Of course, if you violate any of the above Commandments, you get the Scarlet M – the dreaded BAD MOTHER tag. It looms large, it’s everywhere. It’s there when you mention that you went back to work really quick, and the kid’s went to a sitter. It’s there when you mention that the kid’s watch their movie when you watch yours. It’s there when you decide you want time to read a book, a little me-only time. It’s there when you admit (even to yourself) that you need more stimulation than just baby-talk all day. It’s there when you want to speak your mind, and tell them just how you feel. The Fear of Being Called a Bad Mother is at the #3 slot – you know, right after the fear of cancer and fear of public speaking .
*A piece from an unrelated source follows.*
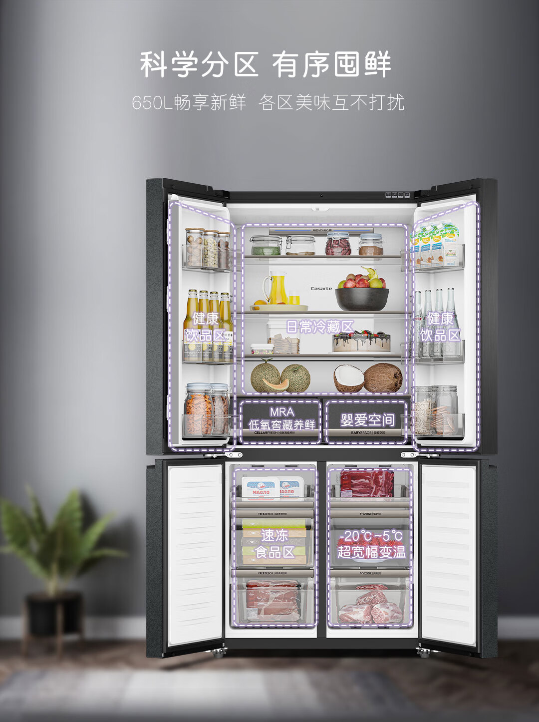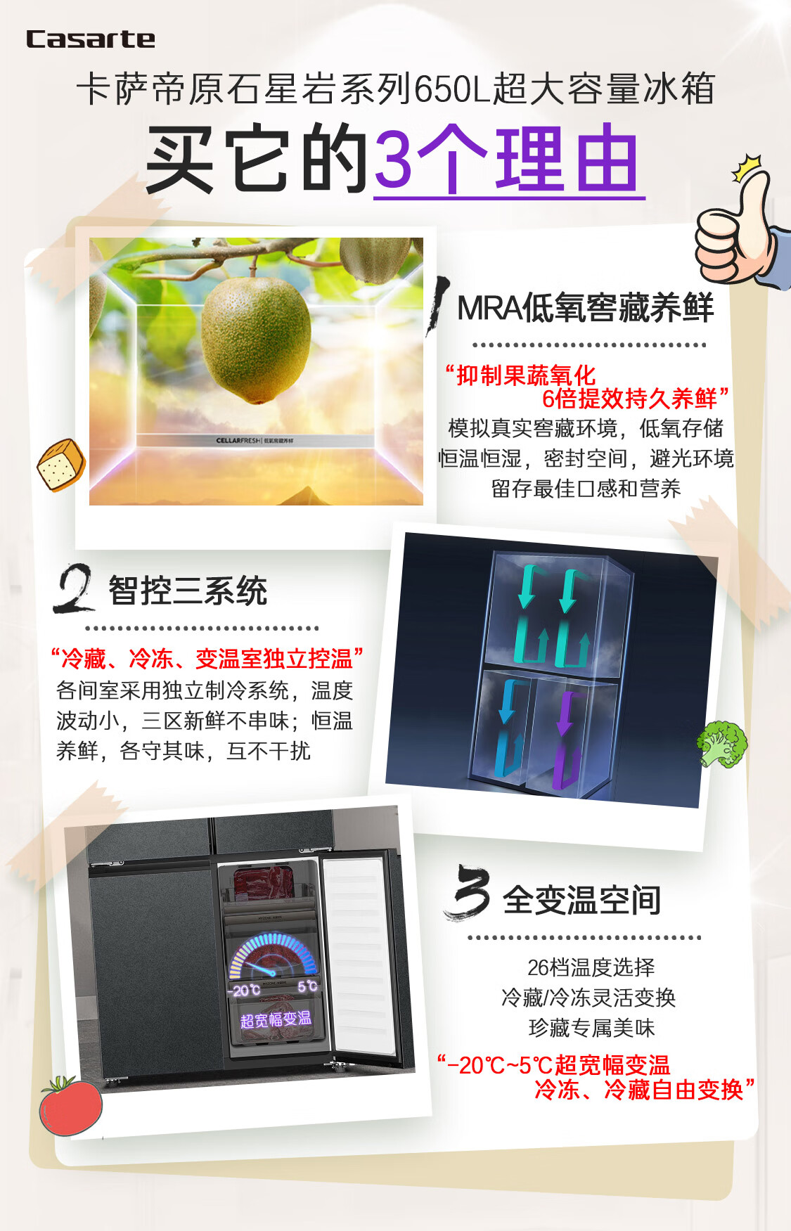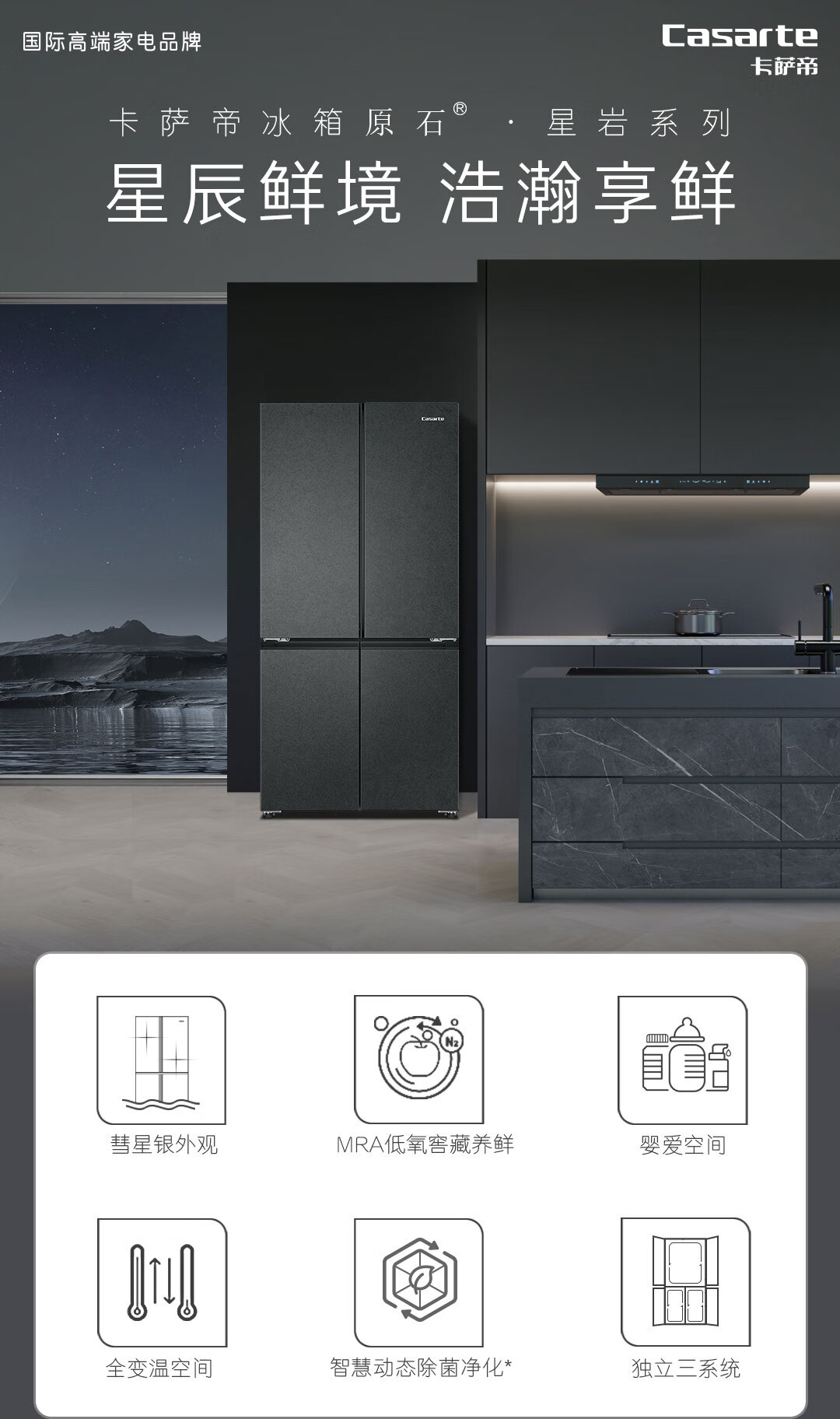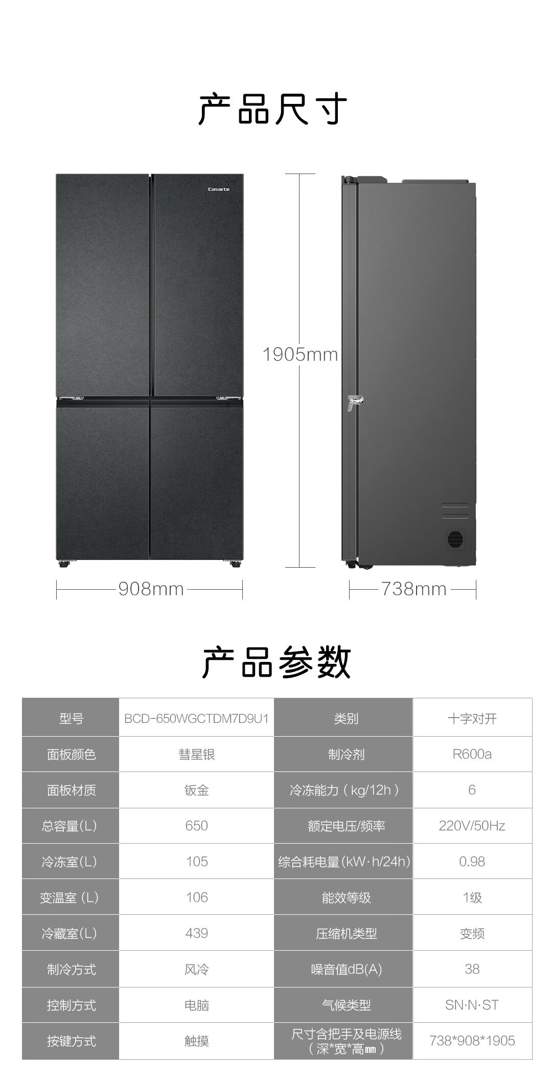 卡萨帝(Casarte)650升原石星岩系列635升级款十字四开门冰箱一级能效变频家用三系统超大容量BCD-650WGCTDM7D9U1

When I became a Mom, I had no clue what to do. I was afraid of holding my daughter lest I injure her fragile neck, and the gap in the cranium freaked me out. Like what, they have a hole in the skull ? What if we nitwit parents can’t handle her properly ? Anyway, beyond those first few days, you begin to realise that poop does not smell like rose-petals (we each had mapped the day into diaper-changing turns). My Mom, when she noticed us wrinkling our noses at the smell, said it’d get worse as the baby ate more solid food. I thought, at the time, that that was quite an unnecessary piece of information, although she couldn’t stop laughing
Anyway, what it boils down to is that when the kids are not pooping, they generally like watching SpongeBob, give kisses unasked, and smell like GOODNESS. The very pure variety.